Machine Learning Engineer - On-Device Adaptive Control
Job Description
The Energy Tech org at Apple is building on-device control systems that manage thermal and energy tradeoffs using on-device machine learning and control. This full-stack role combines data analysis, prototyping of MPC and ML control algorithms, and deployment on-device. You will work onsite in Seattle, WA and help bring control intelligence into the OS experience.
What you’ll do
- Design and implement on-device control systems for thermal and energy management.

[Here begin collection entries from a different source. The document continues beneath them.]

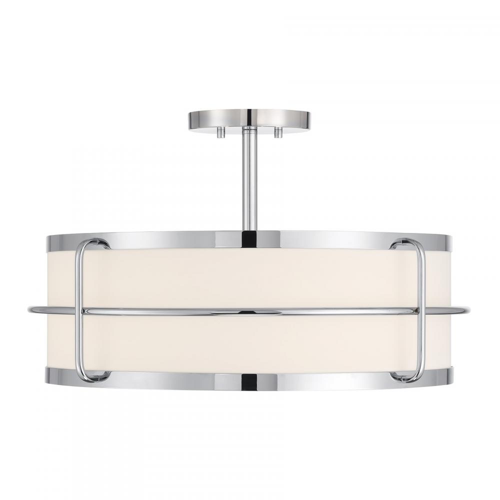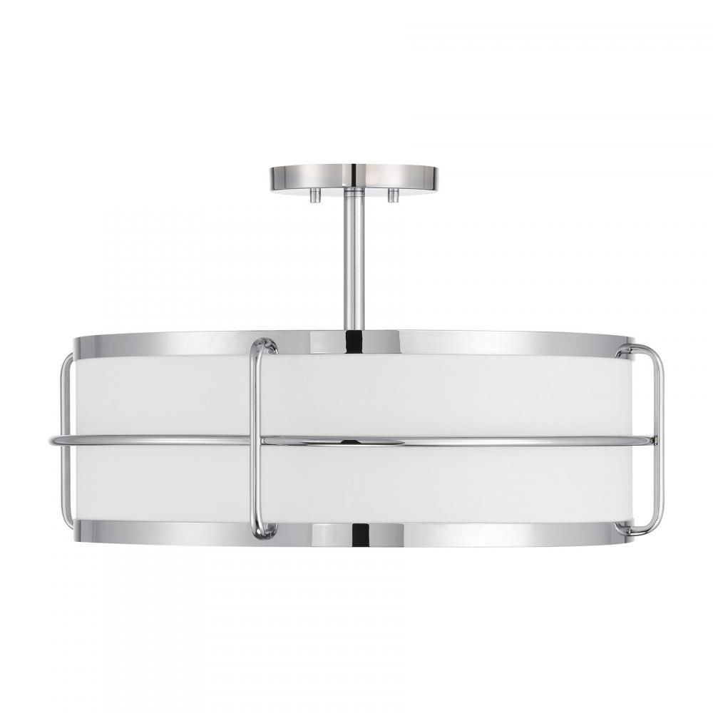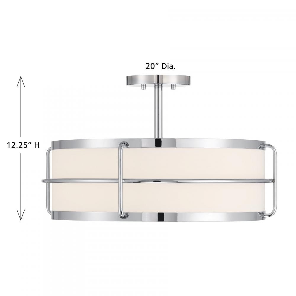 The Savoy House Chauncey 4-light semi-flush mount proves that utilitarian style can be glamorous, too! It showcases a white fabric shade that is accentuated by sleek, chic cage detailing finished in shining Chrome. Chauncey is 12.25" in height and 22" in width, making it ideal for illuminating larger spaces. It uses four standard size bulbs of up to 60 watts per bulb. Bulbs not included.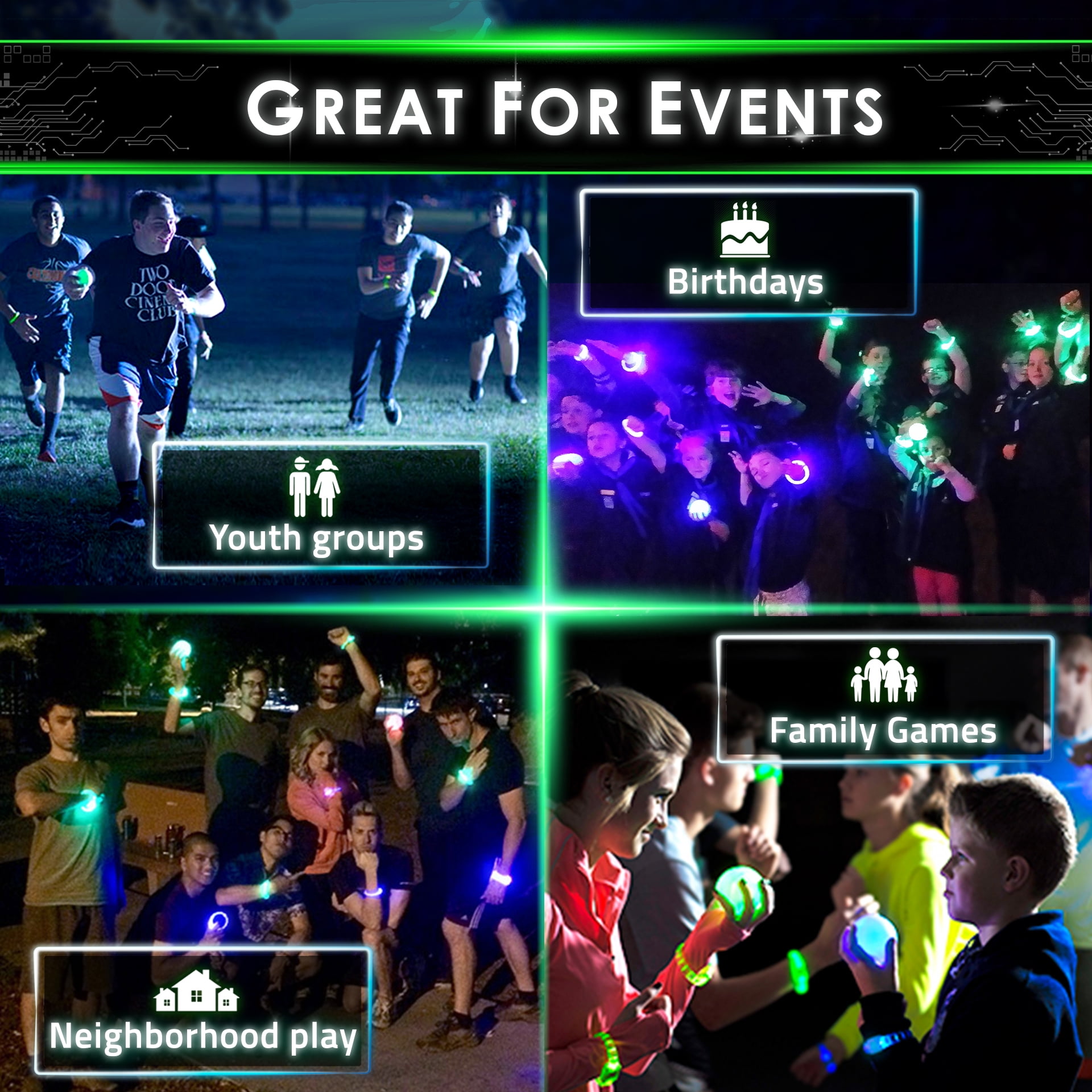 Win as a team through stealth, speed, and strategy – a refreshing take on kids’ games Easy setup, simple to play – a perfect choice for family game night All ages play together – superb for outdoor party games, backyard games, and camping games Outdoors and screen-free – with rare excitement compared to other outdoor games for kids ages 8-12+ A multi-award-winning, unique gift – an ideal option for teen boys’ gift ideas Family reunions and youth groups Birthday party activity or a memorable birthday gift A distinctive gift for boys ages 8-12+ and girls A glowing alternative to traditional sports gifts and obstacle courses Innovative replacement for flag football, laser tag, and giant yard games 2 Glowing Orbs 5 Territory Lights 8 Jail Markers 8 Team Bracelets 12 bonus game options (free download)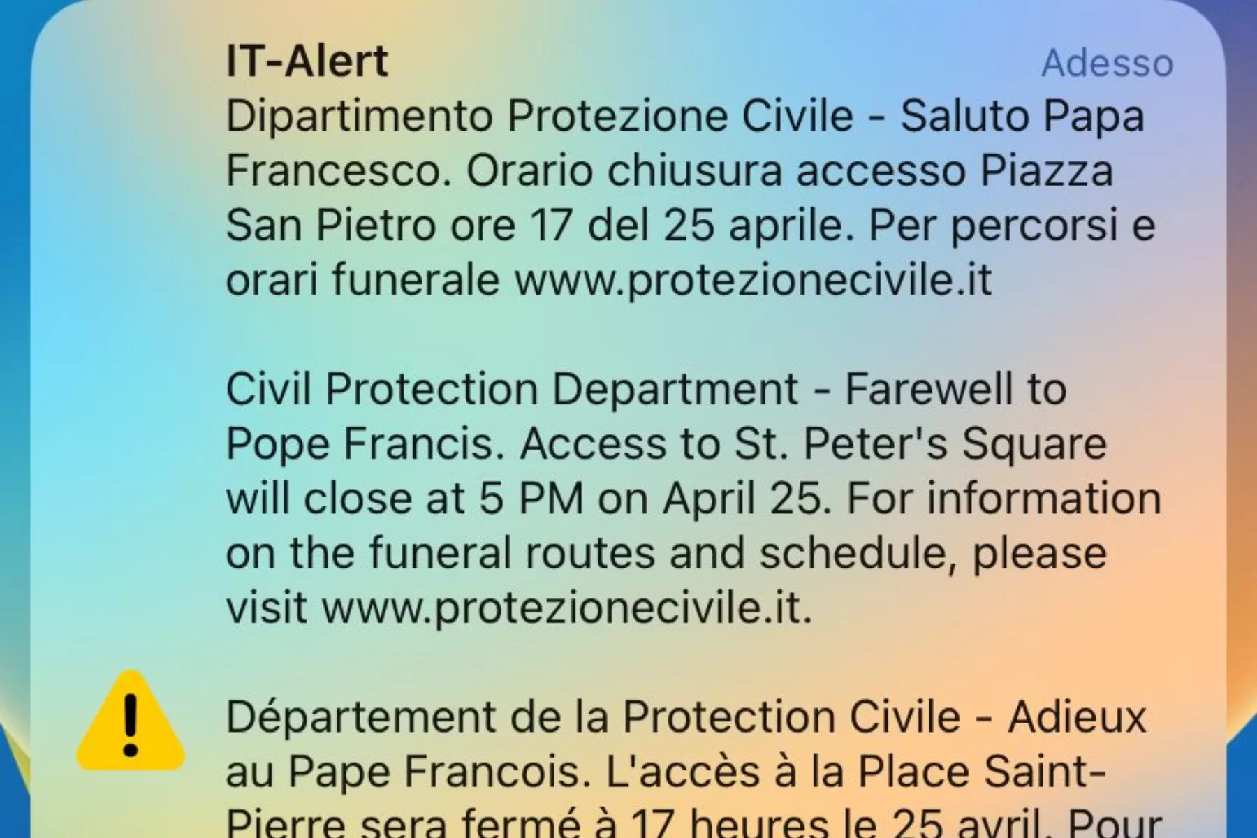 It-Alert inviato su tutti i telefonini presenti nella città di Roma per comunicare la chiusura di piazza San Pietro a partire dalle 17 di oggi, venerdì 25 aprile, mentre la Basilica alle 18, un’ora in anticipo rispetto a quanto stabilito inizialmente nei giorni scorsi.
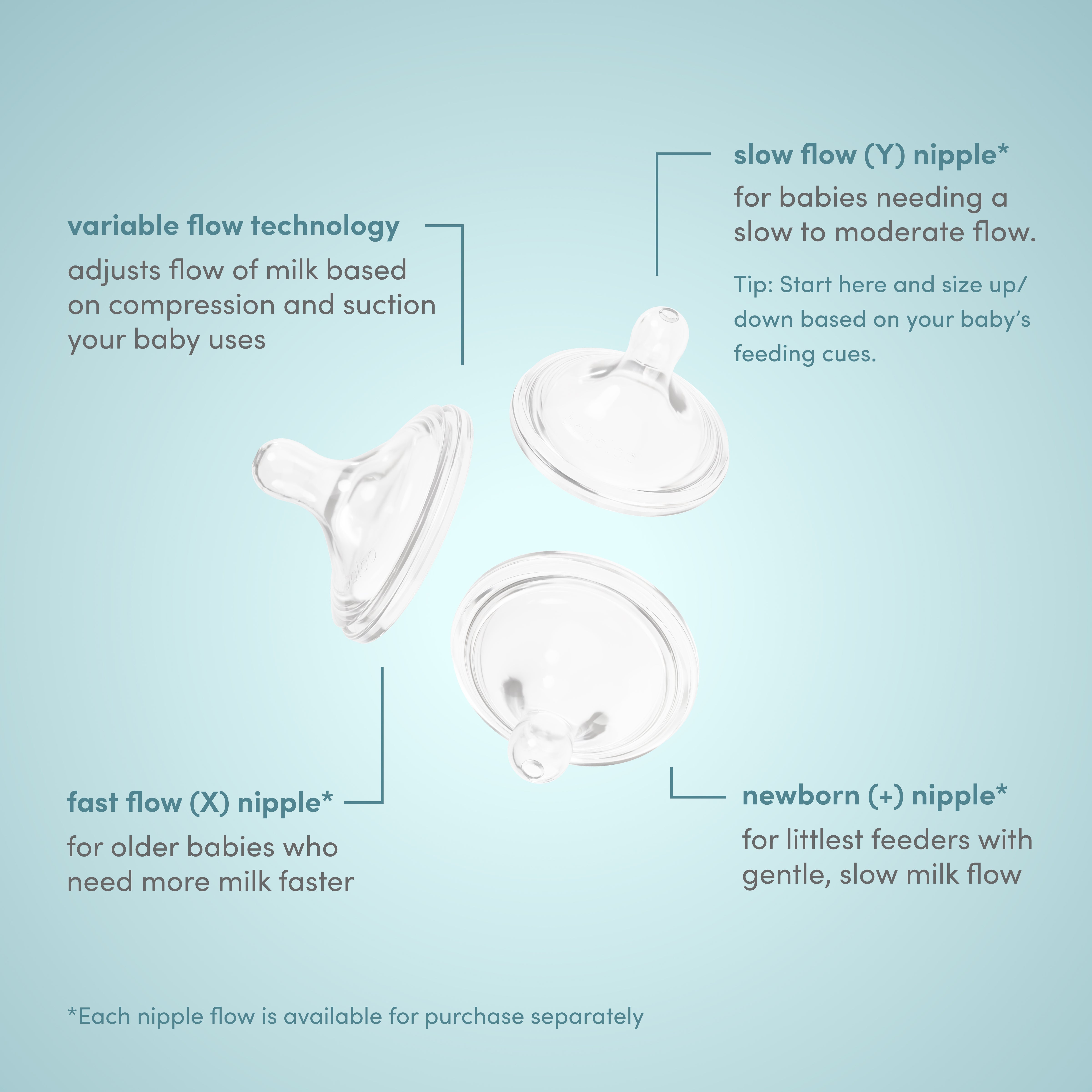 Options de débit : Nouveau-né, Débit lent, Débit rapide. Si bébé semble satisfait et ne laisse couler que très peu de lait, le débit est probablement correct. Si bébé laisse couler beaucoup de lait, le débit est trop rapide. Si bébé pleure et semble frustré par le débit, il est trop lent.

- Build and fit thermal models using lab and field data.
- Prototype MPC and related control algorithms end-to-end, from data analysis to on-device deployment.
- Analyze large-scale field telemetry to characterize device behavior and validate models.
- Define and tune cost functions that encode system-level tradeoffs.
- Partner with firmware, hardware, and platform teams to integrate control systems into the OS.
What you bring
- MS or PhD in controls, robotics, electrical engineering, computer science (or BS with relevant experience).
- Experience with model predictive control, optimal control, or reinforcement learning (sequential decision-making).
- Strong Python programming skills, with comfort using C/C++ for on-device work.
- Experience working with real-world sensor data that may be noisy, incomplete, and high-volume.
- Proven ability to take work from data exploration to a working prototype.
Helpful background
- Experience with thermal systems, battery management, or energy optimization.
- Familiarity with embedded or resource-constrained environments.
- Background in system identification or online parameter estimation.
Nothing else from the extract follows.